Let the mass of oxygen needed to burn 4.6 g of sodium be equal to x

4.6 g of Na reacts with x ⇒ \( \frac{92}{32} = \frac{4.6}{x} \\ \scriptsize x = \normalsize \frac{4.6 \: \times \: 32}{92 \: \times \: 1}\)

x = 1.6 g of O₂

Example 9.3.2:

a. What volume of oxygen, measured at STP is needed for the complete combustion of 20.0 g of hydrogen?

b. What is the mass of water produced in the reaction above?

(Molar volume at STP = 22.4 dm³, H = 1, O = 16)

Equation for the reaction:

\( \scriptsize 2H_{2(g)} \: + \: O_{2(g)} \: \rightarrow \: 2H_2O_{(l)} \)

Solution

a. If (2 × 2) of hydrogen requires (16 × 2) g of O₂

Therefore, 20 g of hydrogen will require:

\( \frac{20}{4} \: \times \: \frac{32}{1} \)

= 160 g of O₂

32 g of oxygen at STP occupies 22.4 dm³

Therefore 160 g of oxygen at STP will occupy

\( \frac{160}{32} \: \times \: \frac{22.4}{1} \\ \scriptsize = 112 \: dm^3 \: of \: oxygen \)

Or

Since we are required to find the volume of oxygen, molar mass of oxygen will not be used in the calculation.

If (2 × 2) g of hydrogen occupies 22.4 dm³ of oxygen at STP

Therefore, 20 g of hydrogen will occupy

\( \frac{20}{4} \: \times \: \frac{22.4}{1} \\ \scriptsize = 112 \: dm^3 \: of \: oxygen \)

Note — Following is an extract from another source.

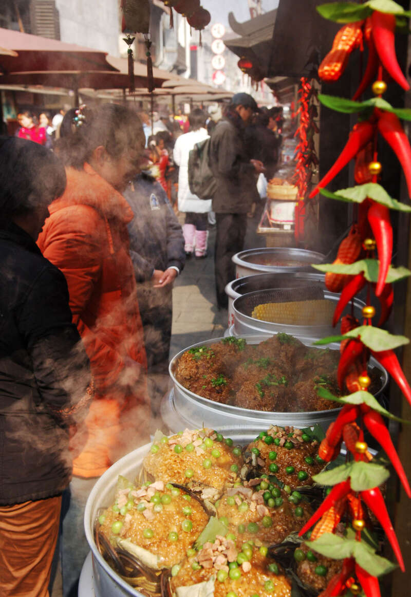 2006年1月29日,农历正月初一,浙江杭州河坊街热闹非凡,许多市民和游客都来逛街,欣赏民间艺人的绝活和品尝美食。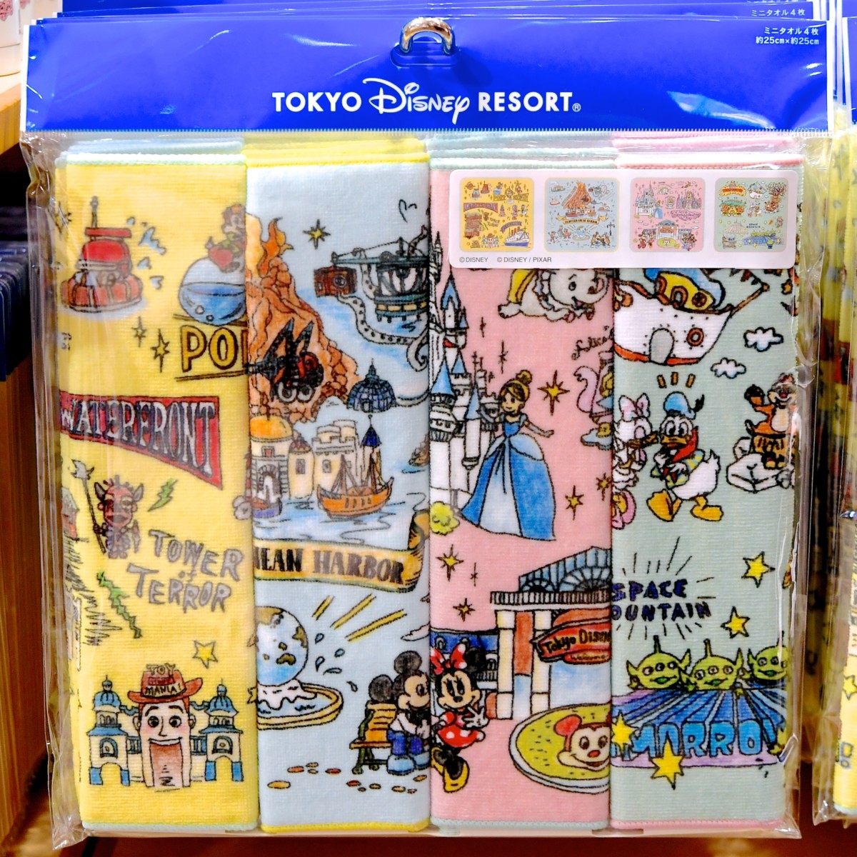ポートディスカバリーやアメリカンウォーターフロント、メディテレーニアンハーバー、ファンタジーランドとワールドバザール、トゥーンタウンとトゥモローランドがデザインされたミニタオルセット。

b. \( \scriptsize 2H_{2(g)} \: + O_{2(g)} \: \rightarrow \: 2H_2O_{(l)} \)

If (2 × 2) g of hydrogen-induced 2(18) g of H₂O

Therefore, 20 g of hydrogen will produce:

\( \frac{20\:g}{4\:g} \: \times \: \frac{36\:g}{1} \\ \scriptsize = 180\:g \: of \: water \)